Übertraining erkennen und behandeln. Im Profi-Sport sehen die Experten die größten Reserven im Bereich der Regeneration und Erholung. Das ist ein Bereich, der im Freizeit- und Breitensport meist noch komplett vernachlässigt wird. Dies führt oft zu Übertraining. Von Dr. Till Sukopp
Inhalte:
- Wie entsteht Übertraining?
- Übertraining Symptome
- Schnelltest für Übertraining
- Maßnahmen bei Übertraining
- Experteninterview mit Dr. Lutz Herdener
Übertraining: Regeneration und Erholung beim Sport
Nach acht, neun, zehn oder mehr Stunden bei der gehen viele Menschen noch zum Sport und powern sich voll aus. Regeneration bzw. Erholung werden dann oft gar nicht eingeplant. Doch gerade bei Hobby- und Freizeitläufern im Alter zwischen 16 und 30 Jahren ist dies ein weit verbreiteter Fehler. Das ist kurz gesagt weder gesund, noch bringt es Ihnen die bestmöglichen Trainingsergebnisse.
Wie entsteht Übertraining?
An dieser Stelle möchte ich noch einmal kurz darauf eingehen, was Training eigentlich bedeutet. Letztendlich ist Training ein bewusst ausgelöster Stress im Körper, der dazu führt, dass die vorhanden Strukturen belastet (und auch ein wenig zerstört) werden, um sich im Anschluss neu auf und auf einen höheren Niveau wieder aufzubauen.
Die Regeneration beschreibt letztendlich den Vorgang des Neuaufbaus. Daher ist die Regeneration essentieller Bestandteil jeglichen Trainingsplans! Und diesen Vorgang können Sie durch unterschiedliche Maßnahmen gezielt unterstützen.
Doch dafür müssen Sie jedoch erst einmal für sich erkennen, ob, wann und wie Sie sich von den jeweiligen Trainingseinheiten erholen müssen. Hören Sie nicht auf Ihren Körper, laufen Sie Gefahr, diesen zu Überlasten und negative physische und/oder psychische Implikationen zu erleiden.
Übertraining Symptome:
Im Folgenden stelle ich Ihnen verschiedene Symptome von Übertraining vor, die sowohl von US-Coach Steve Maxwell als auch zahlreichen Athleten aus der ehemaligen DDR beschrieben wurden.
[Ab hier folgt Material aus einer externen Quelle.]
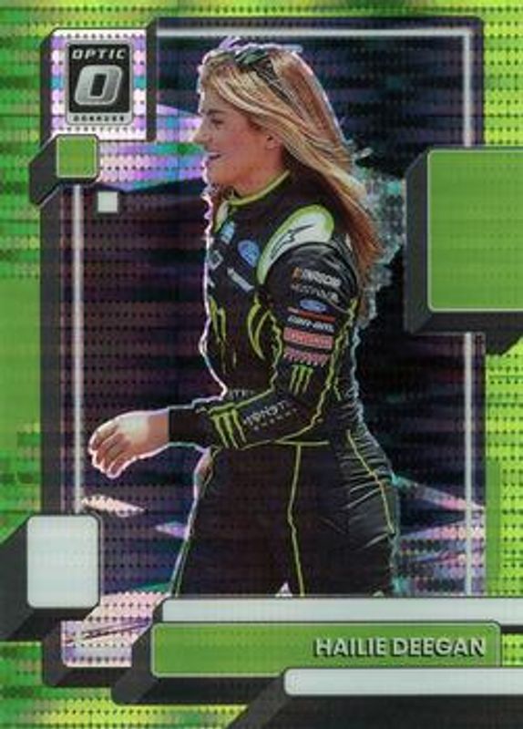 The Hailie Deegan 2023 Donruss NASCAR #30 Optic Lime Green Pulsar card is 1 of 90 Hailie Deegan's card variations in the 2023 Donruss NASCAR set being tracked by Sports Card Investor, including #167 Base, #24 Base, #82 Base, #167 Carolina Blue, and #82 Carolina Blue.

15 Typische Anzeichen von Übertraining
- Herzrasen bzw. erhöhte Herzfrequenz: Messen Sie nach dem Aufwachen Ihre Herzfrequenz. Liegt diese vier oder mehr Schläge höher als gewöhnlich, haben Sie sich entweder schlecht erholt oder es kündigt sich ein Infekt an. Wie Sie Ihre Ruheherzfrequenz ermitteln: Messen Sie eine Woche lang direkt nach dem Aufwachen eine Minute lang Ihren Puls. Notieren Sie die Werte und bilden Sie nach einer Woche den Mittelwert. Sollten Sie direkt nach dem Aufwachen erst einmal auf Toilette gehen, legen Sie sich anschließend fünf Minuten hin und beginnen sie dann mit der Messung.
- Sie haben allgemein Muskelkater oder –schmerzen
- Schmerzende Gelenke
- Ihre Beine fühlen sich „schwer“ an
- Permanente Müdigkeit
- Sie sind leicht reizbar und gestresst
- Sie sind launisch oder etwas depressiv
- Ihr Appetit verändert sich. Entweder Sie essen mehr oder kaum – ein „gestresstes Hormonsystem“ (zu viel Cortisol) kann beides verursachen.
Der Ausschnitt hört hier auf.